Indian researcher builds 3rd fastest super computer

Srinidhi’s supercomp third fastest

WASHINGTON: A supercomputer rigged up from off-the-shelf components by an Indian researcher at VirginiaTech has been ranked third in the TOP500 list of the world’s fastest machines released this weekend.

Srinidhi Varadarajan ‘s’ 1100-Apple Mac contraption cranked out more than 10 Teraflops (or trillion calculations per second) to place third behind the top-ranked Japanese Earth Simulator (35.86 TFlops) and the second-placed U.S. Department of Energy’s Los Alamos National Laboratory ASCI Q (13.88 TFlops), the gurus in the business announced at the annual supercomputing mela in Phoenix, Arizona.

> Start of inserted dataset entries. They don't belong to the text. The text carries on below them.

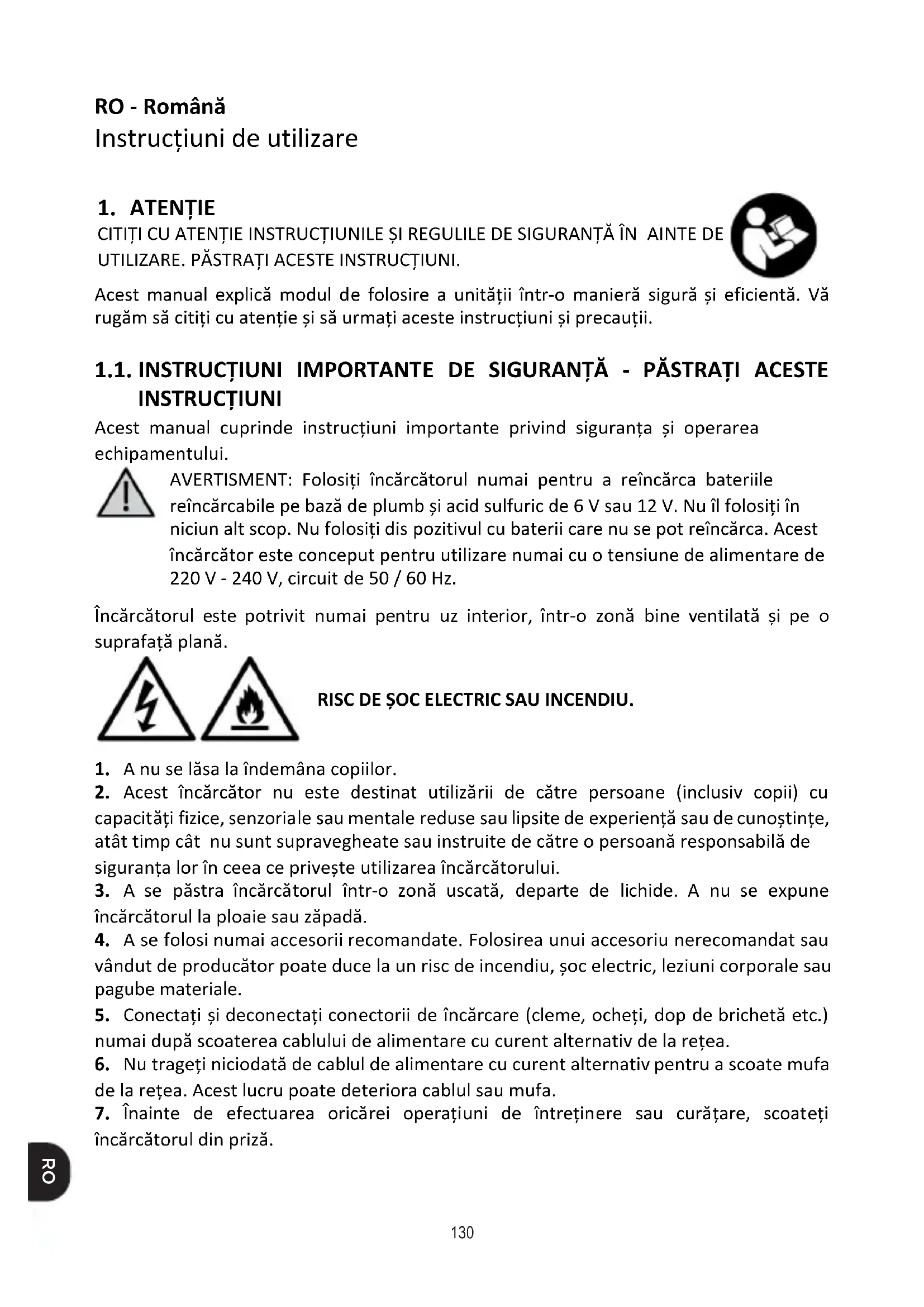 Acest manual explică modul de folosire a unității într-o manieră sigură și eficientă. Vă rugăm să citiți cu atenție și să urmați aceste instrucțiuni și precauții. 1.1. INSTRUCȚIUNI IMPORTANTE DE SIGURANȚĂ - PĂSTRAȚI ACESTE INSTRUCȚIUNI Acest manual cuprinde instrucțiuni importante privind siguranța și operarea echipamentului. AVERTISMENT: Folosiți încărcătorul numai pentru a reîncărca bateriile reîncărcabile pe bază de plumb și acid sulfuric de 6 V sau 12 V. Nu îl folosiți în niciun alt scop. Nu folosiți dis pozitivul cu baterii care nu se pot reîncărca. Acest încărcător este conceput pentru utilizare numai cu o tensiune de alimentare d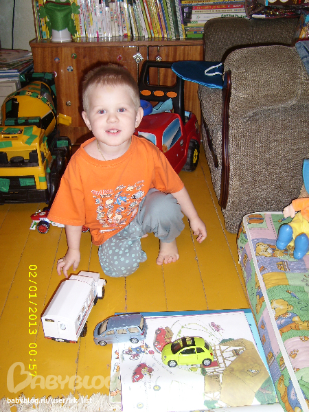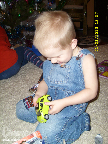 А еще Гере досталась машинка, обрадовался! а потом сказал: "Тоже пальчики пол задевают"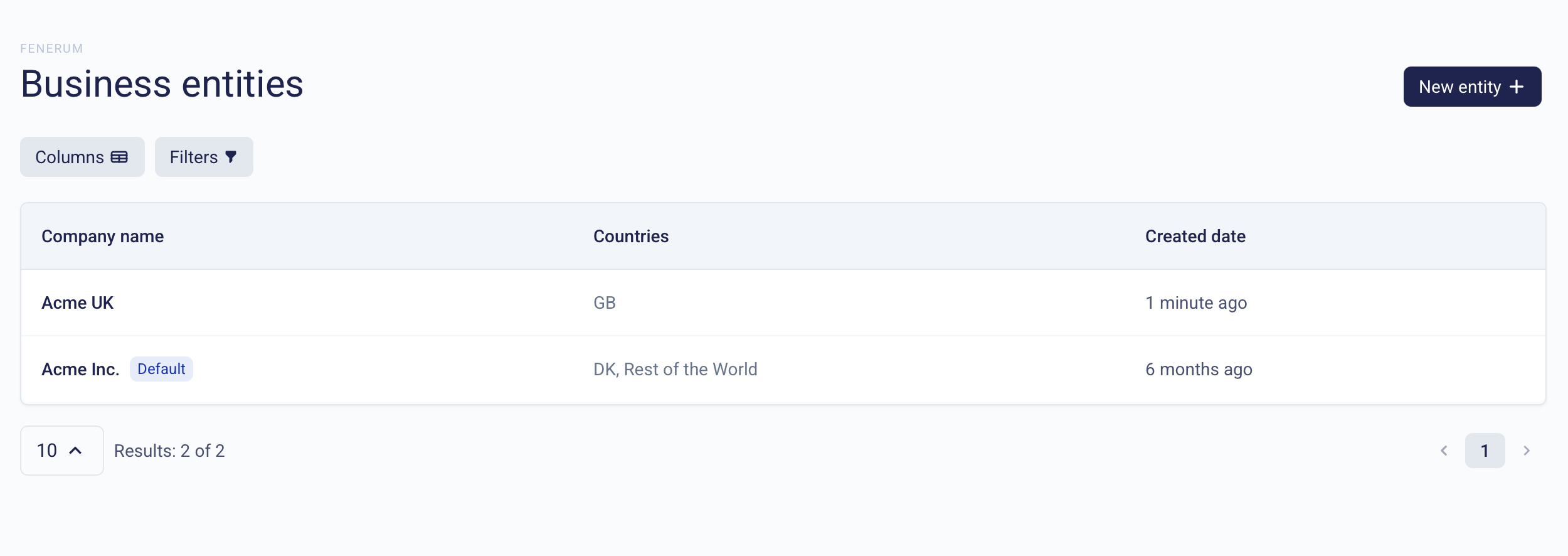 Business Entities on valinnainen ominaisuus eikä ole oletuksena aktiivinen. Ota yhteyttä osoitteeseen support@fenerum.com, jos haluat käyttää tätä ominaisuutta.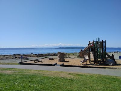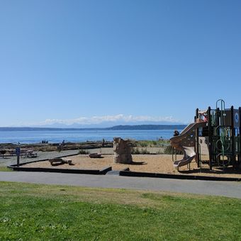 Marina Beach se extiende a lo largo de Puget Sound con vistas a las Montañas Olímpicas, con una costa arenosa y mesas de picnic.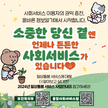 일상 속에서 돌봄이 필요하지만 마땅한 지원을 받기 어려운 청·중장년, 그리고 가족을 책임지는 청년들을 위해 마련된 제도가 ‘일상돌봄 서비스’입니다. 다양한 생활지원과 전문 돌봄 프로그램을 한 번에 이용할 수 있어 일상 유지가 어려운 분들에게 실질적인 도움을 제공합니다.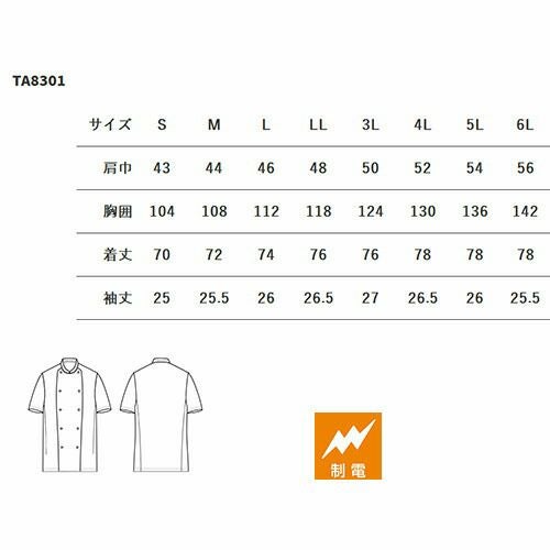 他の画像を見る セブンユニフォーム 業務用 厨房服 調理服 コックコート 半袖 TA8301 キッチン スタッフ シェフ 制服 ユニフォーム 男女兼用 メンズ レディース 制電 おしゃれ 飲食店 厨房服 調理服 レストラン フレンチ イタリアン 中華 かっこいい プロ仕様 ブランド 老舗 特別価格 ¥ 5,234 税込 詳細を見る お気に入りに登録する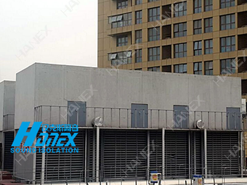德盈廣場東面3組冷卻塔設(shè)備正常運行產(chǎn)生90-95分貝噪聲,對周邊公寓、酒店、辦公區(qū)造成不良影響。漢克斯隔音設(shè)計1.冷卻塔出風(fēng)口消聲器,2.冷卻塔四周安裝吸隔聲屏障,工程結(jié)束后敏感區(qū)噪聲測量值低于45分貝。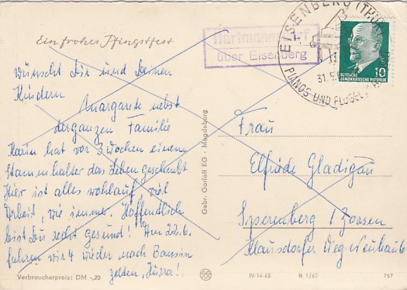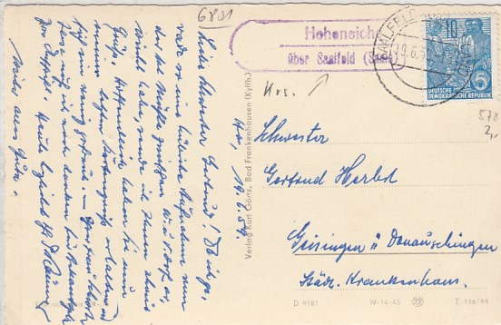 Landpoststempel Hoheneiche Saalfeld AK wickersdorf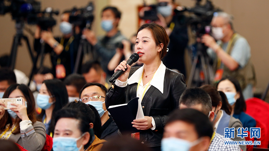 10月18日(星期二)19:30,二十大新聞中心在梅地亞新聞中心二層新聞發(fā)布廳舉辦第二場(chǎng)集體采訪(fǎng)。圖為澎湃新聞?dòng)浾咴诜謺?huì )場(chǎng)提問(wèn)。(新華網(wǎng) 陳杰 攝)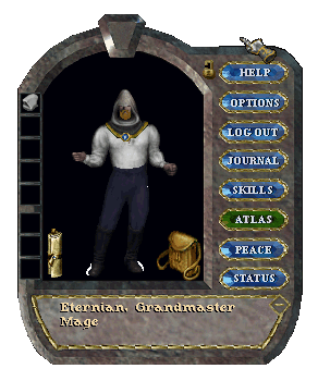 Paperdoll, ALT + P tuşlarına basılarak ya da oyun içinde karakterinize çift tıklanarak açılabilir. Burada Help, Options, Log Out, Journal, Skills, Atlas, War/Peace ve Status dahil olmak üzere ana menülerin bir çoğunu bulabilirsiniz.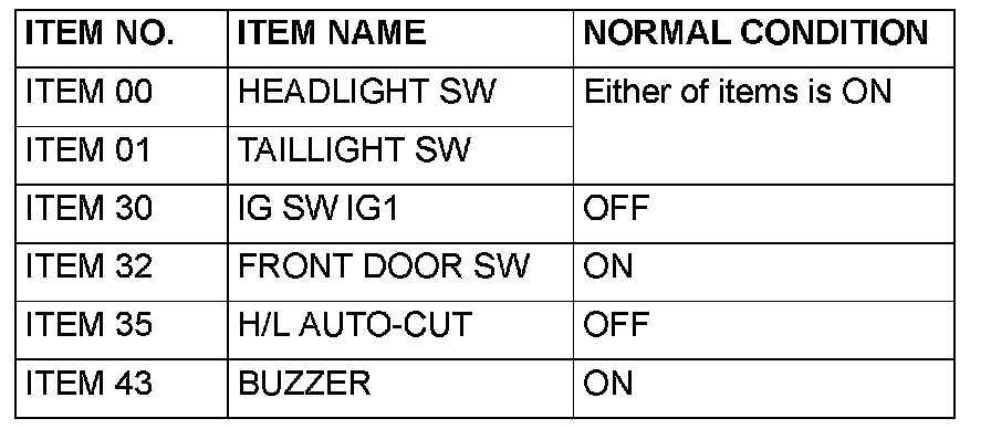 Q: Does scan tool MB991958 display "HEADLIGHT SW", "TAILLIGHT SW", "IG SW IG1", "FRONT DOOR SW", "H/L AUTO-CUT" and "BUZZER" as normal condition?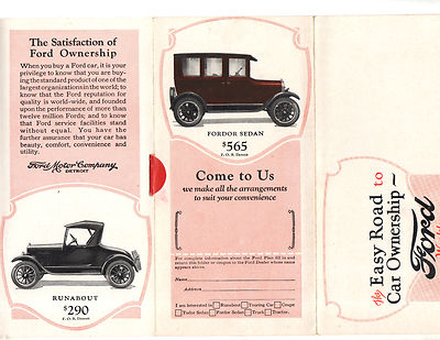 VINTAGE 1920? FORD MODEL T MAILER BROCHURE RARE VERY NICE RUNABOUT TOURING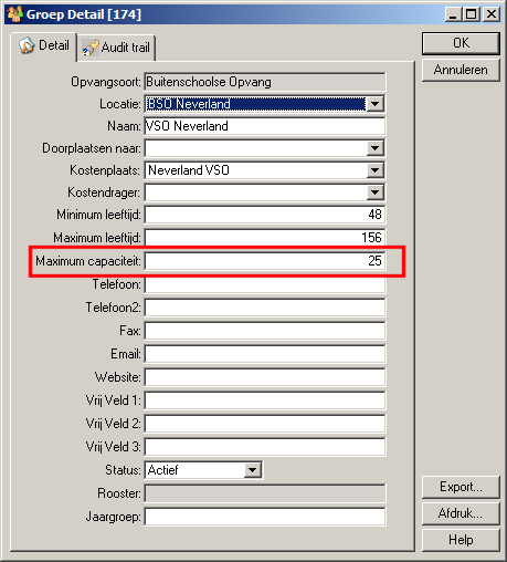 (*) De maximale groepsgrootte (capaciteit) van een groep stelt u in via de detailkaart van een groep. In het veld Maximum capaciteit vult u het maximale aantal kinderen in dat geplaatst mag worden op de groep. Hoe groot dat aantal is hangt af van de door de GGD verstrekte vergunning.

The VirginiaTech achievement, reported in these columns last month, has been attracting wide attention at the jamboree. What was remarkable, the conference noted, was that Srinidhi and his team was able to build the system in less than four months for only $5.2 million – less than one tenth the average cost of comparable systems. Such a breakthrough could change the economics of supercomputing.

VirginiaTech’s supercomputer is also, by far, the fastest machine ever owned by an educational institution. Most supercomputers in the Top25 are owned by government labs specializing in high-end research.

The latest Top500 list also showed that the most powerful supercomputer in India is not at C-Dac, Pune, as it is commonly believed, but with Intel India in Bangalore, whose X-series cluster IBM Xeon’s ran at 1.1 teraflops to place at 105th. C-Dac’s Param Padma came in at 258.

Outside the western world and Japan, which placed at the top, the most powerful machine was at the Chinese Academy of Science, whose DeepComp 6800 placed 14th.

There were few other changes in the top 10 list, but the supercomputing wizards noted that the list of cluster systems in the TOP10 has grown impressively to seven systems.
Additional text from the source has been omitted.